You are currently viewing Kriya Tenun,  Jawa Tengah Sebuah Potret Warisan Budaya

Kriya Tenun, Jawa Tengah Sebuah Potret Warisan Budaya

Balai Pelestarian Cagar Budaya Provinsi Jawa Tengah telah menerbitkan beberapa buku. salah satu buku yang telah diterbitkan adalah buku berjudul Jawa Tengah Sebuah Potret Warisan Budaya. Buku ini diterbitkan oleh Balai Pelestarian Cagar Budaya Provinsi Jawa Tengah bekerjasama dengan Jurusan Arkeologi Fakultas Ilmu Budaya Universitas Gadjah Mada (Prof. Sumijati Atmosudira dkk /editor). Mempertimbangkan permintaan dari masyarakat maka buku ini ditampilkan di laman ini.

Kriya tenun, khususnya tenun gendong, merupakan salah satu keterampilan yang dimiliki bangsa Indonesia dan diyakini sebagai salah satu unsur budaya asli. Data arkeologis membuktikan bahwa kriya tenun telah dikenal sejak jaman prasejarah. Bukti keberadaan kriya tenun tidak diperoleh secara langsung melalui temuan berupa kain, karena kain tenun tidak dapat bertahan lama, bila tertimbun di dalam tanah akan cepat membusuk. Bukti yang sampai kepada masyarakat sekarang adalah bukti tidak langsung, misalnya melalui tera tenun pada gerabah atau benda lainnya.

Keberadaan kriya tenun lebih jelas lagi pada mas klasik. Melalui sumber tertulis berupa prasasti yang ditemukan di daerah Jawa Tengah, misalnya Prasati Ayam Teas (900 TU) dan Prasasti Telang (930 TU) yang dikeluarkan oleh Raja Balitung, diketahui adanya kata mcadar, yang ditafsirkan menenun. Selain itu beberapa prasasti yang lain menyebut beberapa profesi atau kegiatan yang berkaitan atau mendukung aktifitas pembuatan kain tenun. Aktifitas yang dimaksud misalnya adalah perdagangan kapas, membuat benang, mencelup kain, berdagang, dan mengambil akar dan kulit pohon mengkudu (Morinda Citrofila) serta pohon indigo yang digunakan untuk memberi warna kain. Bukti lain yang memperkuat keberadaan kriya tenun pada waktu itu adalah penyebutan kain tenun sebagai unsur pasek-pasek, yaitu pisungsung hadiah yang diberikan kepada pejabat yang menetapkan atau menjadi saksi penetapan sima. Disamping itu, di Trowulan, ditemukan dari abad XIV yang mempunyai relief seorang wanita yang sedang menenun.
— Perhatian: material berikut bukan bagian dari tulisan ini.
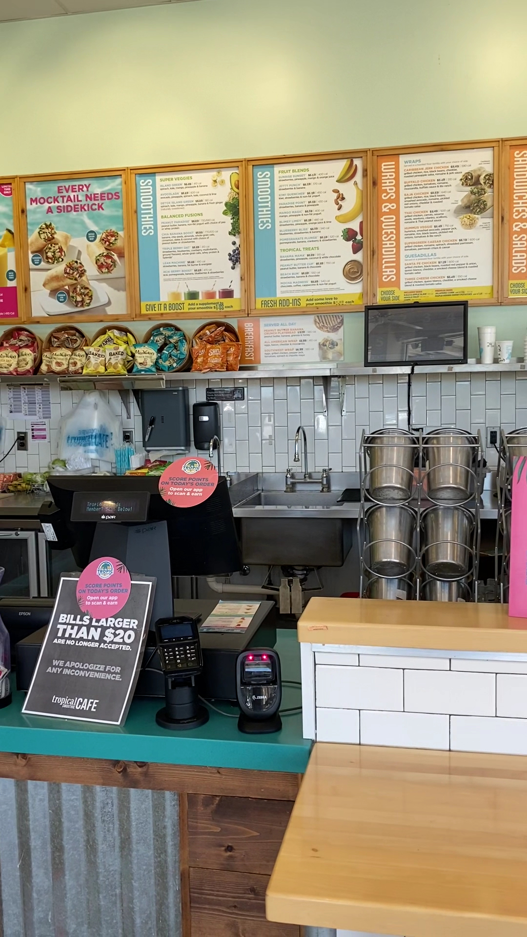 Ā Ā Ā Read moreStopped in trying to get a healthy meal (smoothie), but by the looks of the pregnant lady standing in line they were moving rather slow. I wasn't in much of a rush, but needless to say it took about 20+ minutes to get my order. :/ I came in with the mindset for a smoothie, but there was a check in coupon where you get a discount with a sandwich smoothie combo. So I got the avocadolada ( I think I spelled that right) and the baja chicken wrap. Let me also add that when they take your order they get your name to call out when your meal is ready. So why when they called my "very unique name" a Hispanic woman runs up and grabs my order? O_o I watched her as I approached the counter & asked them to repeat the name just called, and clearly it was mine. So I told they might want to convey that to her because it seems like she clearly forgot hers. Smh. They went to her and said that the name of the drink was for and took it back, and she did not even argue. So she was fully aware of what she did. How crazy is that?! I didn't think that I'd have to fight somebody when I just cleaned rolled in to get a smoothie. People are so ridiculous these days! The guy apologized, and no my smoothie had not been sipped on by the woman, I made sure of that. But talk about a very stressful environment. In a nutshell I think that might be my last visit. I like to avoid potential collisional matters...

Kani tenun diketahui merupakan salah satu bahan pakaian sehari-hari yang digunakan baik oleh laki-laki maupun permepuan. Pada masa islam, diketahui bahwa kain tenun digunakan oleh golongan rakyat biasa. Akan tetapi pada masa klasik, kain tenun digunakan sebagai pesek-pesek.

Pada masa sekarang terdapat juga jenis kain tenun tertentu yang digunakan dalam upacara, misalnya kain tenun lurik lasem dan kemben dringin yang digunakan dalam upacara tingkeban. Pemakaian kain tenun dalam prosesi upacara juga ditemukan dalam relief Borobudur No. IB.74. yang menggambarkan seorang wanita yang membawa kain tenun diatas talam. Adegan tersebut diinterpretasikan sebagai upasaka dan upasika dalam suatu upacara perkawinan. Melalui uraian ini, diketahui bahwa kain tenun mempunyai beberapa fungsi, yaitu fungsi praktis, fungsi sosial dan fungsi religius.